The median price of a new house inched up $200 in April from March to reach $291,402.
The stalled recovery of Phoenix’s homebuilding market is also evident in recent job numbers. Construction unexpectedly lost a net 1,100 jobs last month, the first time it has shed workers in April since 2009.
Arizona housing analysts RL Brown and Greg Burger say its difficult to figure out where the new-home market is headed.
“One builder or subcontractor that you talk with tells you his market activity is good,” the publishers of the Phoenix Housing Market Letter wrote in their latest report, “and the next one tells you his market opportunity has yet to recover to any extent.”
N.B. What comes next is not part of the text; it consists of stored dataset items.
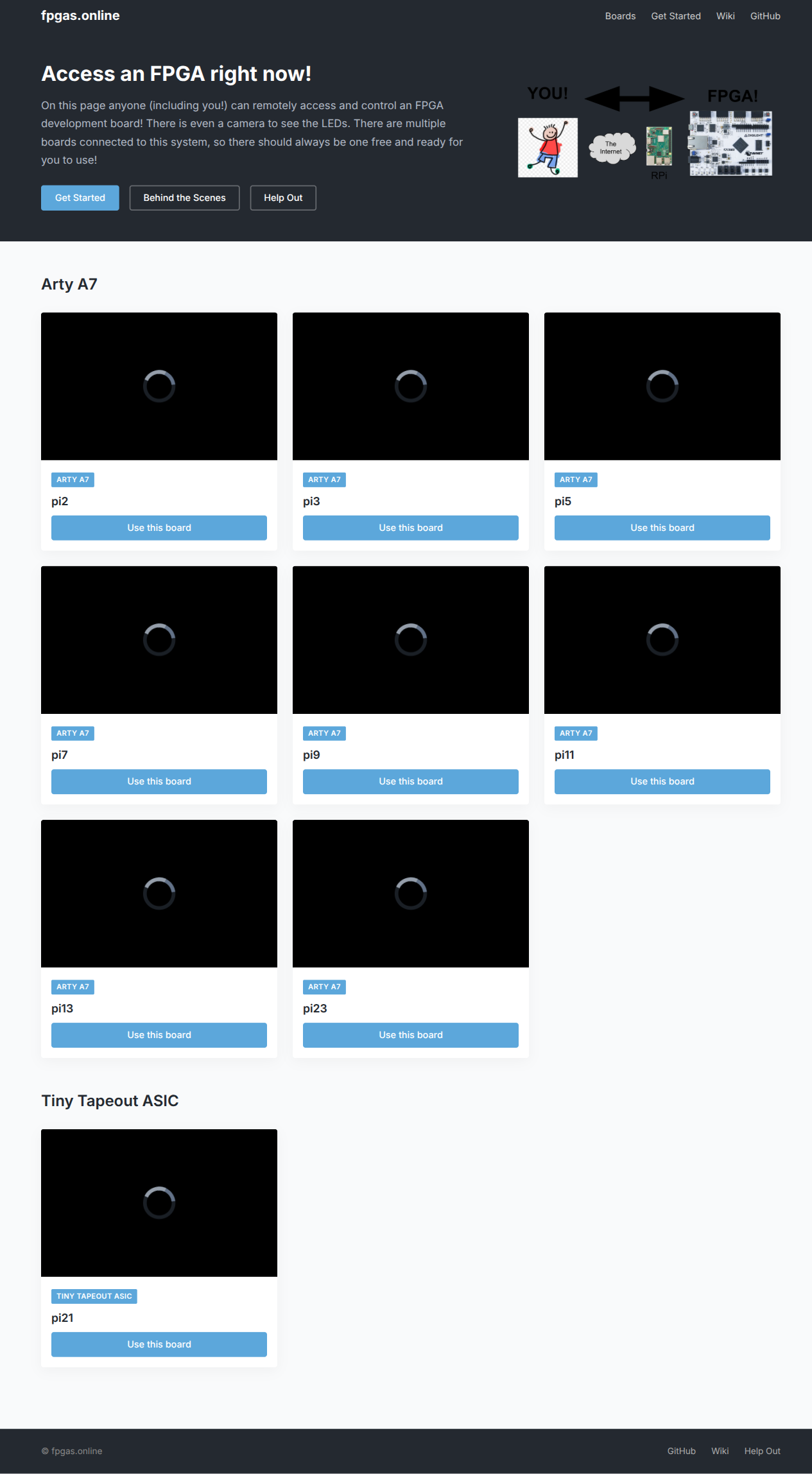board_typefield to Pi model with choices (Arty A7, NeTV2, ULX3S, Fomu, Tiny Tapeout ASIC/FPGA)base.htmlshared template with sticky header, footer, viewport meta (fixes mobile)make serve)Screenshots
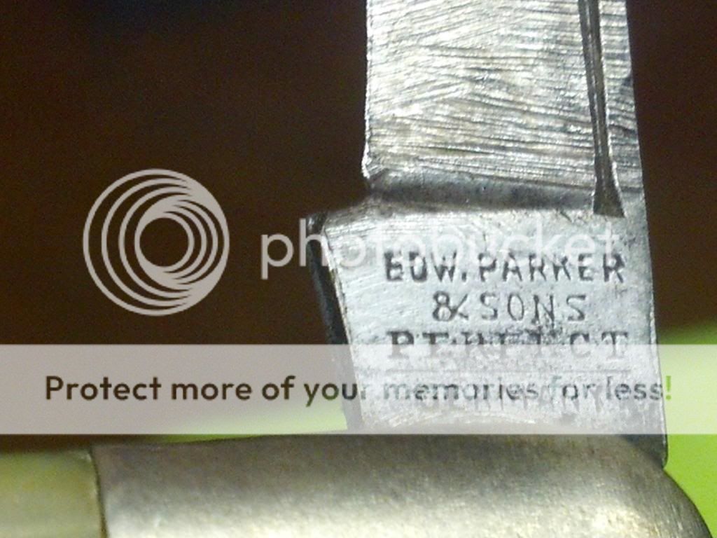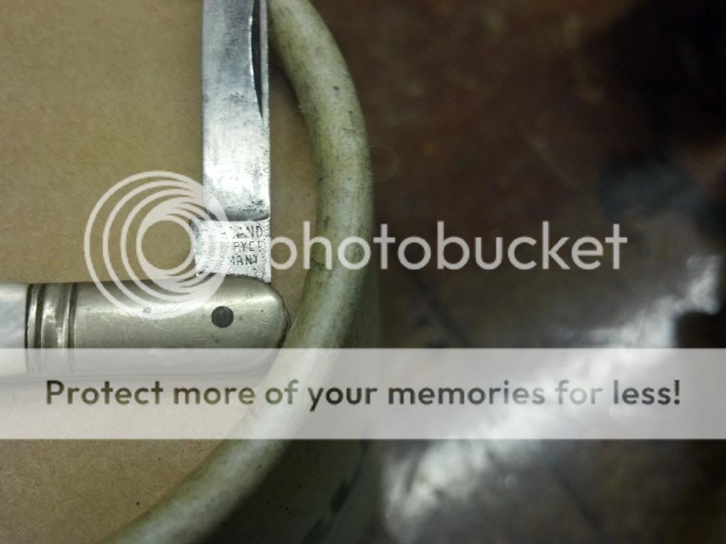 4) Larger of 2 small pearl handle knives, 3 1/8 inches long closed " EDW Parker & Sons PERFECT Germany stamp blades are tight but not much snap and has seen a grinder .
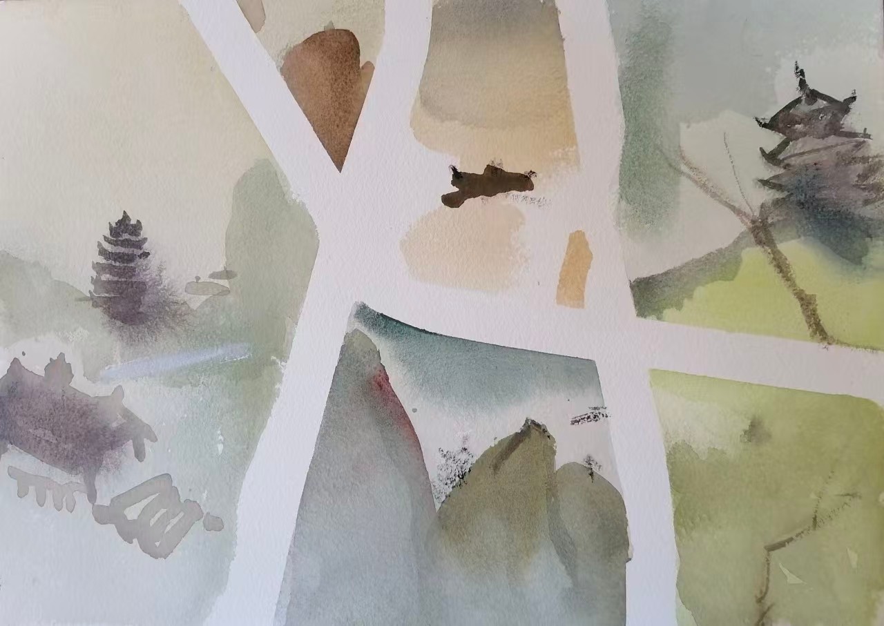 学生作品:美术学2407、08班,包敏玮水色侗居》,38cmX54cm
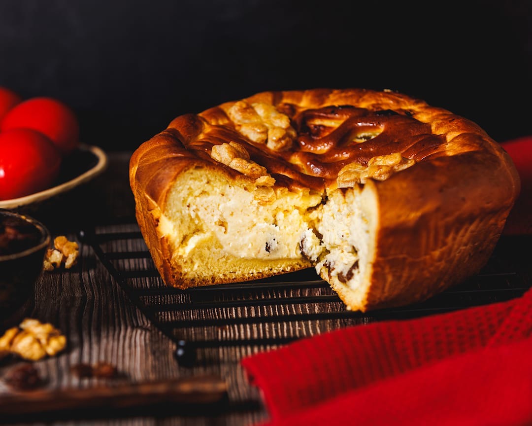 Aluatul dospit se întinde într-o tavă rotundă de 24-26 cm, păstrând o parte pentru marginile prăjiturii. Se toarnă crema de brânză și se nivelează. Pasca se coace la 170-180°C timp de circa 50 de minute, până capătă o crustă aurie. Se răcește treptat, cu ușa cuptorului întredeschisă, pentru a evita crăparea.
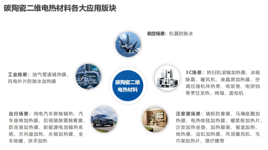泛家居领域,在除雾卫浴镜、智能马桶、电热地毯等产品上应用,以二维发热技术实现整面均匀加热与超长寿命,重塑健康家居体验;
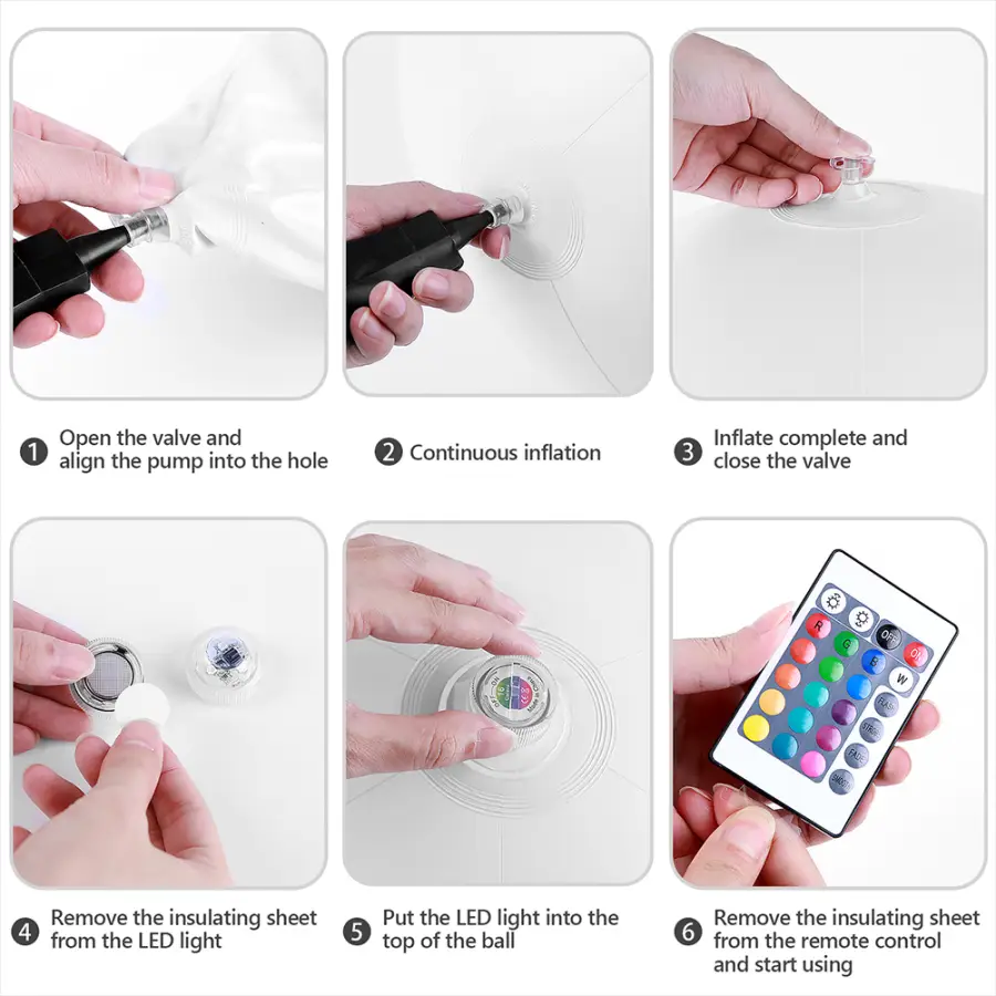 Feature: Specification: Origin: Mainland China Material: PVC Shape Style: Round Occasion: party,Birthday Party Size: 60cm: 60cm before inflation, 40cm after inflation/15.74inch 90cm: 90cm before inflation, 60cm after inflation/23.62inch Material: 0.18mm PVC Packaging: EVA bag packaging, beach ball + light + remote control Remote control light: 16-color inflatable luminous ball-ultra-bright LED lamp beads, red, yellow, blue, green, pink, purple and white can flash quickly and slowly, monochrome, always on, timing and other functions 16 kinds of light colors + 4 kinds of flashing methods + brightness adjustment (monochrome, gradient, flashing), IP68 waterproof design, 24-key infrared remote control Power supply: 2 CR2032 batteries, working time is about 20 hours

In early 2012, it looked as if Valley’s new-home market would begin to rebound with the resale market. But last summer, homebuilders ran out of affordable lots in the most popular subdivisions and many contractors began having problems finding skilled workers.
For the first four months of this year, both home permits and sales are down 18 percent.
Summer is typically a slow time for homebuilding in metro Phoenix because of the region’s triple-digit temperatures.
“In spite of many challenges, we fully expect that the improvements in the economy will continue slowly, and housing in this region will continue to demonstrate improvements,” Brown and Burger wrote in their report.
Nationally, new-home sales climbed 6.5 percent in April from March, according to the U.S. Commerce Department.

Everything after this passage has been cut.